The DELETE /documents/{id} handler must atomically decrement quota and delete the DB row and MinIO object in a single transaction (DB) + best-effort cleanup (MinIO).

Warning signs:

used_bytes stored as a counter updated by application code, never reconciled against a database SUM
Share revocation handler doesn't touch quota (correct if quota is owner-only, but must be verified)
Document deletion does not atomically update quota

Phase to address: Quotas and sharing phases

Technical Debt Patterns

Shortcut	Immediate Benefit	Long-term Cost	When Acceptable
Single global encryption key for cloud credentials	Simple env var config	Single point of failure; one leak decrypts all users	Never for a SaaS product
localStorage JWT storage	Easy Axios integration	XSS → full account takeover, TOTP bypass	Never; httpOnly cookies have identical DX once set up
Synchronous DB driver (psycopg2) with FastAPI	Familiar, simple	Event loop blocking under any load	Never for new greenfield code; acceptable only during an explicitly time-boxed spike
Presigned URL in list response	One fewer endpoint	Stale URLs, user-facing failures after expiry	Only for short-lived signed URLs (<5 min) with TTL tracking in frontend
Skip per-user key derivation	Fewer moving parts	Catastrophic blast radius on key leak	Never for cloud credential encryption
Inline quota check (read-check-write) without atomic update	Simple code	Silent quota bypass under concurrent load	Never for enforced limits
Soft-coding 8-char UUID prefix as document IDs (existing)	Shorter IDs	Collision risk at scale; insecure for auth tokens	Replace with full UUID before multi-user goes live

Integration Gotchas

Integration	Common Mistake	Correct Approach
Google Drive OAuth	Storing `access_token` only; ignoring `refresh_token`	Store both; refresh_token is issued only on first authorization — store immediately or it's lost
OneDrive / MSAL	Treating MSAL token cache as permanent	MSAL token cache can be invalidated by Microsoft; always handle `invalid_grant` and re-auth prompt
Nextcloud	Using Basic Auth with plain credentials	Use App Passwords (Nextcloud-specific token), never store the user's Nextcloud master password
MinIO	Using `minio.get_object()` for large files without streaming	Stream the response: `response.stream(32768)` or use boto3 streaming; loading full file to memory crashes on large PDFs
MinIO	Treating bucket names as security boundaries	Bucket names are not credentials; isolation is enforced by object key prefix + IAM policy. Set MinIO IAM so the app's service account can only access the designated bucket
PostgreSQL	Using `autocommit=True` for all connections	Quota updates and document record creation must be transactional; autocommit makes rollback impossible
PyOTP (TOTP)	Using default `valid_window=0` then switching to `valid_window=2` for "user convenience"	Window=1 (±30s) tolerates clock skew.
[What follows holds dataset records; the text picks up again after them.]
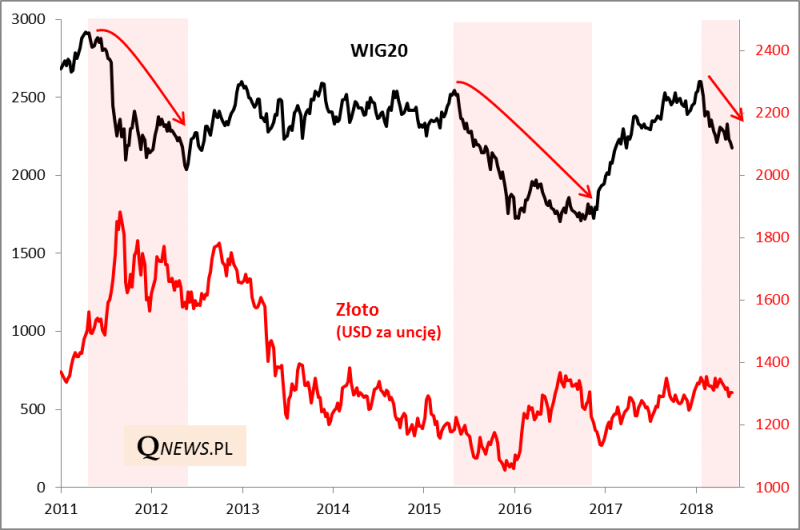 Według obiegowej opinii tzw. bezpieczną przystanią w okresach turbulencji na rynkach akcji jest złoto. Nasza analiza nie potwierdza jednak trafności tej tezy. Złoto nie sprawdza się w tym roku jako przeciwwaga dla taniejących polskich akcji. Nie sprawdziło się też np. w 2015 roku. Nie ma prostej reguły opisującej wzajemne interakcje między tymi dwiema klasami aktywów.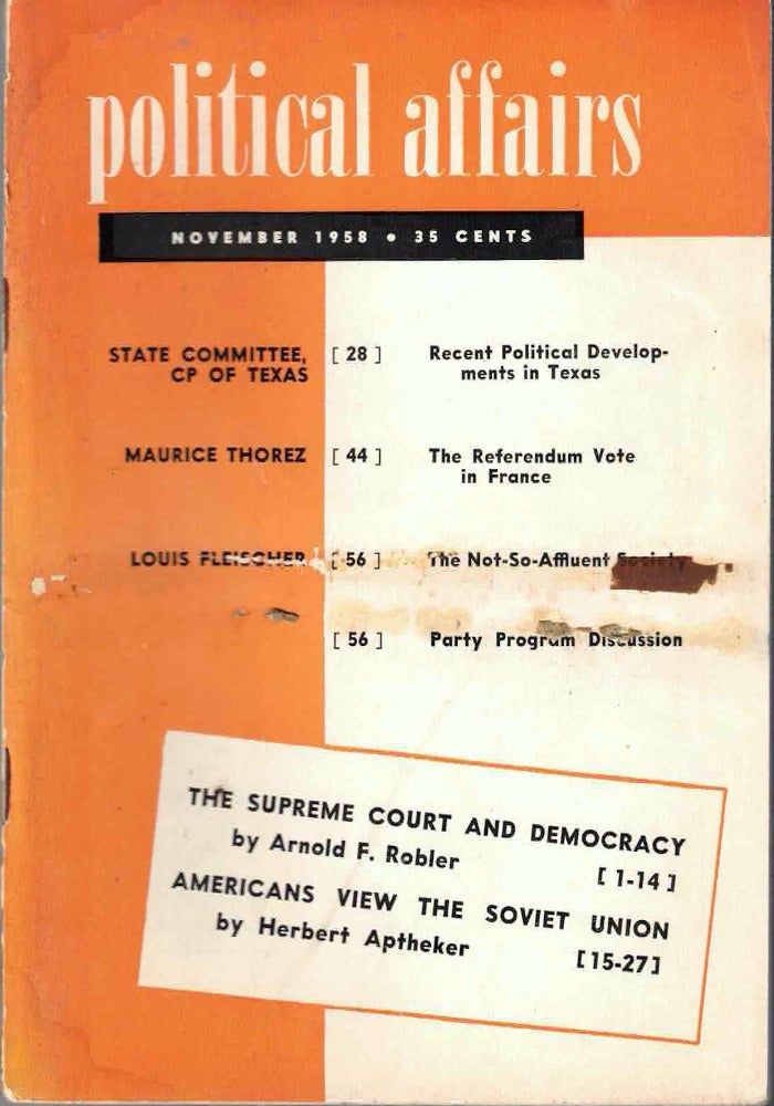 New York: New Century Publishers, 1958. Paperback. Good. Paperback. 65pp. Rubbed and edgeworn, lightly soiled, else good in publisher's stapled wraps. "The Supreme Court and Democracy" by Arnold F. Robler, "Americans View the Soviet Union" by Herbert Aptheker, "Recent Political Developments in Texas" by State Committee, CP of Texas, "The Referendum Vote in France" by Maurice Thorez, "The Not-So-Affluent Society" and "Party Program Discussion" by Louis Fleischer.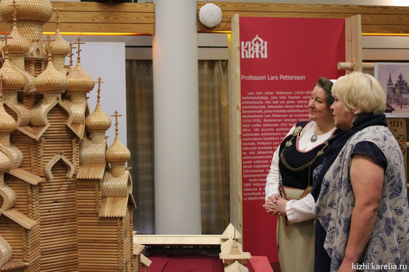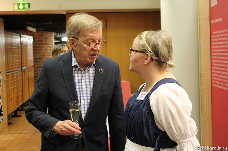 «Экспозиция посвящена уникальным памятникам, но опирается на общечеловеческие ценности» - заявил в своем выступлении на открытии выставки «Деревянное зодчество: учимся у предков, сохраняем для потомков, обучаем современников» Пертти Хаканен, член парламента Финляндии и председатель «Карельского союза», влиятельной общественной организации, объединяющей живущих в Финляндии карелов. Именно в штаб-квартире «Карельского союза» – Карельской доме (Karjalatalo) – организована экспозиция. Гостей на церемонии открытия встречала исполнительный директор Союза Сату Халленберг.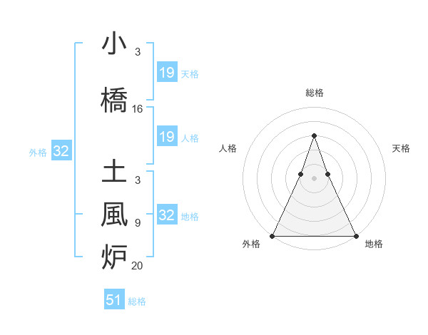 小橋 土風炉さんを姓名の画数から五運を鑑定
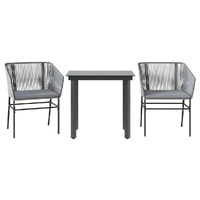 This garden dining set is a great choice for al fresco dining or just relaxing in the garden, backyard, or on the patio. Durable material: PE rattan, also known as poly rattan, is a strong, low-maintenance synthetic material that looks like natural rattan. It's lightweight, easy to clean, and commonly used for outdoor furniture due to its durability and weather-resistant properties.Robust and stable frame: The powder-coated steel frame is strong, stable, durable, and resistant to corrosion and harsh weather, ensuring long-lasting performance.Practical backrest and armrest: This garden chair features a backrest and two armrests that offer optimal support and comfort for users.Removable and washable cover: These seat cushions feature removable covers for easy washing and maintenance.Glass tabletop: The outdoor table's top is made from strong and durable tempered glass, making it easy to clean with a damp cloth and adding a touch of elegance to your outdoor space. Good to know:To make sure your outdoor furniture stays beautiful, we recommend protecting it with a waterproof cover.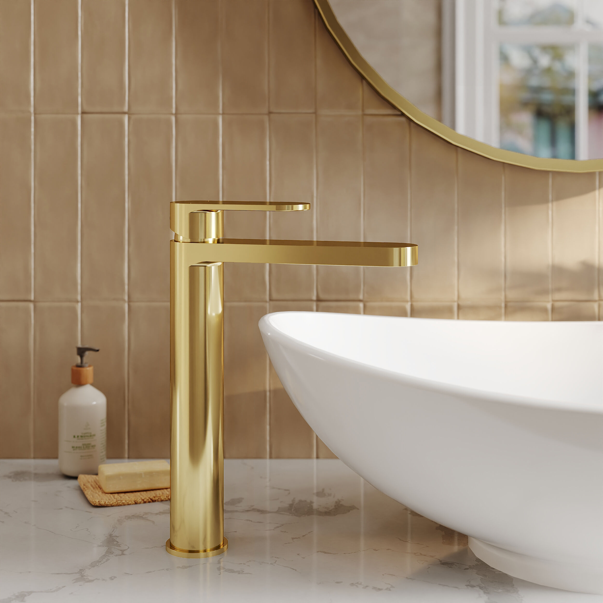 Sleek high-rise design makes this tap perfect for use with countertop vessel basins

Window=2+ increases brute-force surface disproportionately

Performance Traps

Trap	Symptoms	Prevention	When It Breaks
O(N) metadata scan on every document list (existing pattern)	List endpoint slows linearly with document count	Paginated SQL query with index on `(user_id, created_at)`	~500 documents per user
Topic count scan on every topic fetch (existing pattern)	`GET /topics` latency spikes as documents grow	Materialized counter column updated on insert/delete, or cached with 30s TTL	~1,000 documents
Synchronous MinIO upload inline in HTTP handler	Requests time out on large files; one upload blocks all other requests	Background task queue; return 202 Accepted with job ID	First user uploading a file >10 MB
Eager loading all cloud connections on user login	Login latency grows with number of connected providers	Lazy-load cloud connection status; only check on storage page	>3 cloud providers per user
Full-text search via `ILIKE '%term%'` on document content	Full table scan on every search	PostgreSQL `tsvector` full-text index on extracted text column	~10,000 documents platform-wide
JWT validation on every request without caching public key	Repeated public key fetch (if using asymmetric JWT)	Cache the signing key in memory; never refetch on every request	High request volume

Security Mistakes

Mistake	Risk	Prevention
CORS `allow_origins=["*"]` retained from existing codebase	Cross-origin requests from attacker-controlled pages	Set exact origin (frontend URL) in production; never wildcard with credentials
File type validation defined but not enforced (existing)	Executable or malicious file uploads	Enforce MIME type check at upload boundary; also validate magic bytes (not just Content-Type header)
No file size limit at HTTP boundary (existing)	Memory exhaustion, DoS via large upload	Add `max_upload_bytes` limit in FastAPI middleware before reading body
API keys in plaintext JSON (existing)	Credential leakage via Docker volume mount	Env vars for all secrets; never serialize keys to disk in application data directory
Password reset without invalidating existing sessions	Attacker keeps session after victim resets password	Invalidate all sessions for user on successful password reset
Audit log includes document metadata (filenames)	Filename can reveal document content	Audit log stores only document ID, event type, timestamp, IP — no filenames
Admin can read `cloud_connections.encrypted_token` column	Ciphertext exposure; retroactive decryption if key leaks	Exclude credential columns from all admin serializers by policy
No breach check on registration password	Users reuse passwords from breached services	Integrate HIBP k-anonymity API on registration

UX Pitfalls

Pitfall	User Impact	Better Approach
Silent presigned URL expiry (image fails to load, download does nothing)	User thinks the app is broken; no recovery path	On-demand URL generation; show explicit "link expired, regenerating..." state
TOTP enrollment without backup codes	User loses phone → permanently locked out of account	Issue 8–10 single-use backup codes at TOTP enrollment; require user to acknowledge
Quota error shown only as "Upload failed"	User doesn't know why; may try repeatedly	Return structured quota error: `{"error": "quota_exceeded", "used": 98MB, "limit": 100MB}`
Cloud storage reconnect required, but no in-app prompt	User's uploads silently fail until they notice the settings page	Banner notification or upload-time prompt: "Your Google Drive connection needs re-authorization"
Folder delete with documents inside silently deletes documents	Data loss without confirmation	Require explicit confirmation listing document count; offer "move to root" alternative
Share revoke with no notification to recipient	Recipient sees documents disappear without explanation	Audit-trail entry visible to recipient: "Access to [folder] was revoked by [owner]"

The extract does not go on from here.